▶ What the task requires
Exact transcript, pictures excluded: write out every record below.

Collected data
□ □ □ □

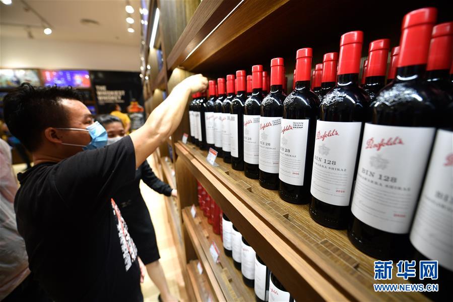 7月1日,顧客在??谌赵聫V場免稅店選購酒類商品。當日,海南開始實施調整后的離島免稅購物政策。海南離島旅客每年每人免稅購物額度提高至10萬元,電子消費產品等7類新增商品開售。新華社記者郭程攝
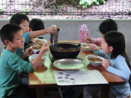 時々小雨が降る天候ですが,プログラムは予定通り進んでいます。かまどでの野外炊事は,どのグループもおいしいカレーが完成しました。自分たちで火をおこし,ガスや電気ではない薪の炎で調理して作ったカレーは格別だったようです。
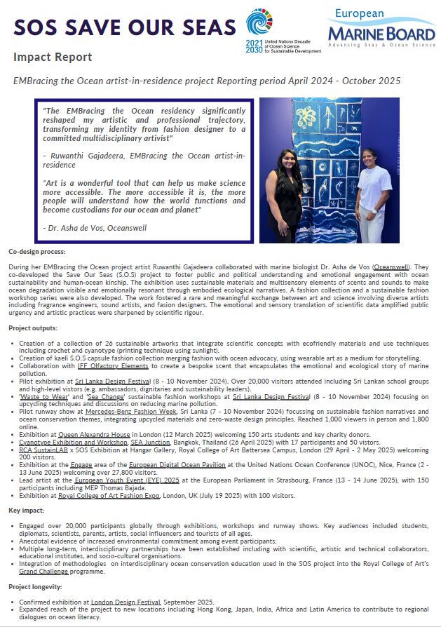Ruwanthi Gajadeera is an award-winning Sri Lankan textile and fashion designer, and a force for creative change in the fashion and textile world. She has unwavering commitment to sustainability with designs acting as a call to action. Ruwanthi's EMBracing the Ocean project, developed in collaboration with marine biologist Dr. Asha de Vos (Oceanswell), culminated in exhibition, fashion collection, and sustainable fashion workshops to make ocean degradation visible and emotionally resonant to increase public and political engagement with ocean sustainability.
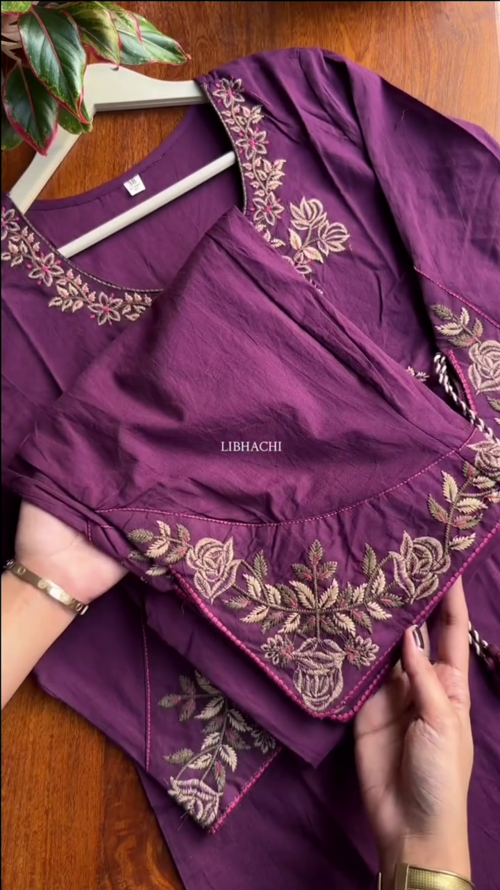 Be the first to review “Burgundy Embellished Cotton Blend Straight Suit Set With Dupatta”
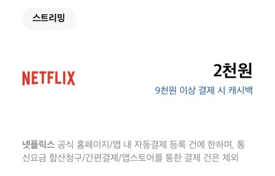 1넷플릭스 공홈 앱 내 자동결제 등록건에 한해 캐시백. 9천원 이상인 경우 무려 2천원을 캐시백하는 휴대폰결제를 통한 합산청구, 간편결제, 앱스토어 결제건은 제외된다.
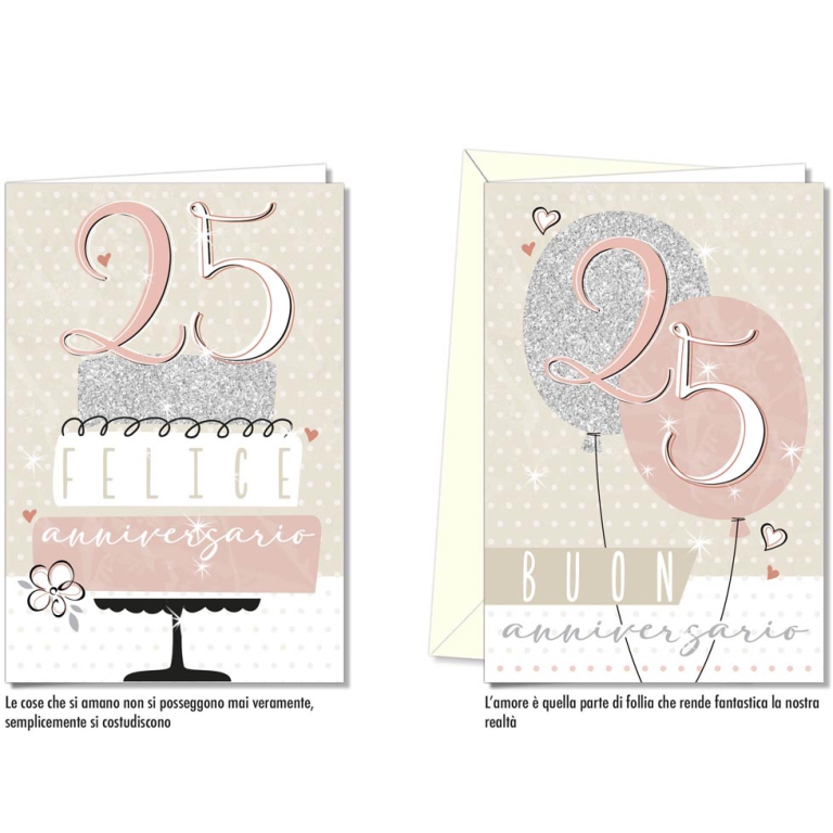 BIGLIETTI AUGURI 12PZ ANNIVERSARIO 25°: vendita all’ingrosso a prezzi competitivi con consegna veloce by Bocchio srl

□ □ □ □

▶ Result for this exercise
 7月1日,顧客在??谌赵聫V場免稅店選購酒類商品。當日,海南開始實施調整后的離島免稅購物政策。海南離島旅客每年每人免稅購物額度提高至10萬元,電子消費產品等7類新增商品開售。新華社記者郭程攝
 時々小雨が降る天候ですが,プログラムは予定通り進んでいます。かまどでの野外炊事は,どのグループもおいしいカレーが完成しました。自分たちで火をおこし,ガスや電気ではない薪の炎で調理して作ったカレーは格別だったようです。
Ruwanthi Gajadeera is an award-winning Sri Lankan textile and fashion designer, and a force for creative change in the fashion and textile world. She has unwavering commitment to sustainability with designs acting as a call to action. Ruwanthi's EMBracing the Ocean project, developed in collaboration with marine biologist Dr. Asha de Vos (Oceanswell), culminated in exhibition, fashion collection, and sustainable fashion workshops to make ocean degradation visible and emotionally resonant to increase public and political engagement with ocean sustainability.
 Be the first to review “Burgundy Embellished Cotton Blend Straight Suit Set With Dupatta”
 1넷플릭스 공홈 앱 내 자동결제 등록건에 한해 캐시백. 9천원 이상인 경우 무려 2천원을 캐시백하는 휴대폰결제를 통한 합산청구, 간편결제, 앱스토어 결제건은 제외된다.
 BIGLIETTI AUGURI 12PZ ANNIVERSARIO 25°: vendita all’ingrosso a prezzi competitivi con consegna veloce by Bocchio srl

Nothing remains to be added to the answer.